CUT ameaça deixar negociações e cobra encaminhamentos ao Governo

A Central Única dos Trabalhadores na Paraíba (CUT-PB), está ameaçando sair da Mesa Permanente de Negociações com o Governo do Estado. O motivo é que o Governo ainda não deu nenhum tipo de resposta às solicitações enviadas pela CUT, em conjunto com diversos sindicatos sobre reivindicações da classe trabalhadora para a Casa Civil.
 
De acordo com o vice-presidente da CUT-PB, Marcos Henriques, foram feitas reivindicações por parte dos funcionários da Cagepa, pelos bancários e pelos professores. Os trabalhadores da Cagepa solicitam ações para reverter o sucateamento da instituição. Já os professores pediram aprovação do Plano de Cargos, Carreira e Remuneração (PCCR) e os bancários, que há vários meses também solicitou audiência e até o momento não obteve retorno.
 
De acordo com João Vicente, diretor do Sindicato dos Trabalhadores na Indústria da Purificação e Distribuição de Água e em Serviços de Esgoto do Estado da Paraíba (Stipdase-PB), a entidade está esperando há oito meses um plano de ação para revitalização da Cagepa.
 
“Pedimos para mudar os rumos da administração da Cagepa, que está sucateada e prestando um mau serviço, mas não por culpa dos servidores.
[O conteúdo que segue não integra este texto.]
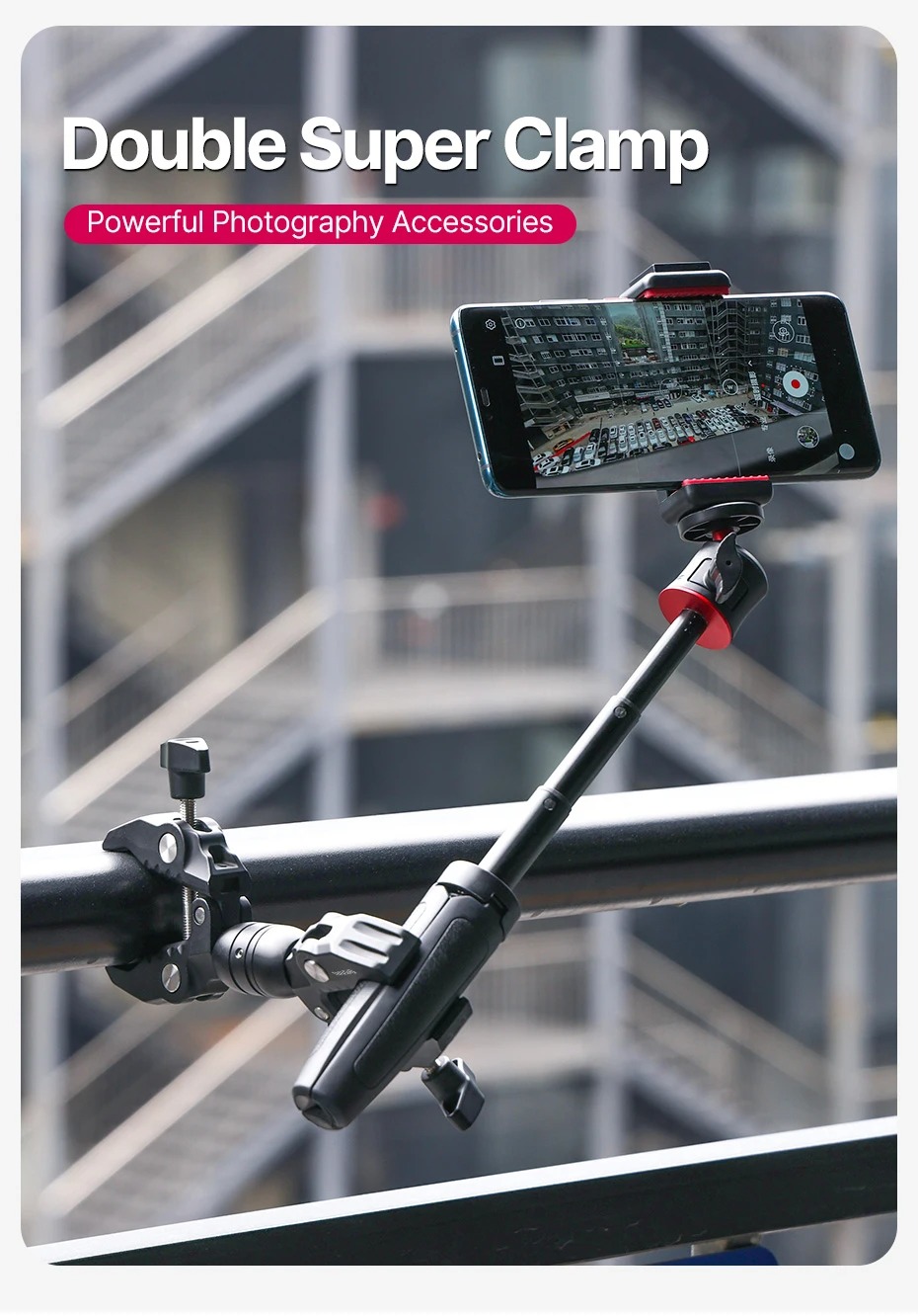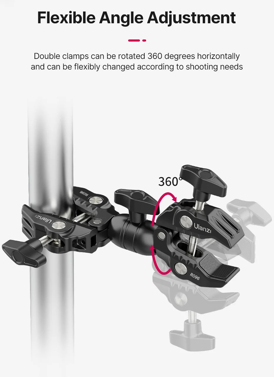 - Điều chỉnh góc linh hoạt: Kẹp đôi có thể xoay 360 độ theo chiều ngang và có thể điều chỉnh linh hoạt theo các nhu cầu sử dụng khác nhau.

Através do secretário de Políticas Sociais da Casa Civil, Arimatéia França, protocolamos dois relatórios na Casa Civil. O presidente da Casa nos atendeu em audiência e informou que o governo iria fazer uma análise da situação da Cagepa, através de várias secretarias do Estado”, destacou o sindicalista.
 
Ele explicou ainda que durante o ato público realizado no último dia 26, representantes dos trabalhadores entregaram uma carta destinada ao Governador do Estado, José Maranhão, no Palácio da Redenção, informando que uma vasta documentação sobre o abandono na Cagepa estava disponível na Casa Civil. “Queremos que as devidas providências sejam tomadas pelo Governo”, disse João Vicente.
 
O ato público do dia 26 foi realizado em frente à Agência Central da Cagepa, em Jaguaribe e contou com 600 pessoas, entre trabalhadores, sindicalistas e representantes da CUT-PB. Os manifestantes também promoveram uma passeata pelas principais ruas da cidade.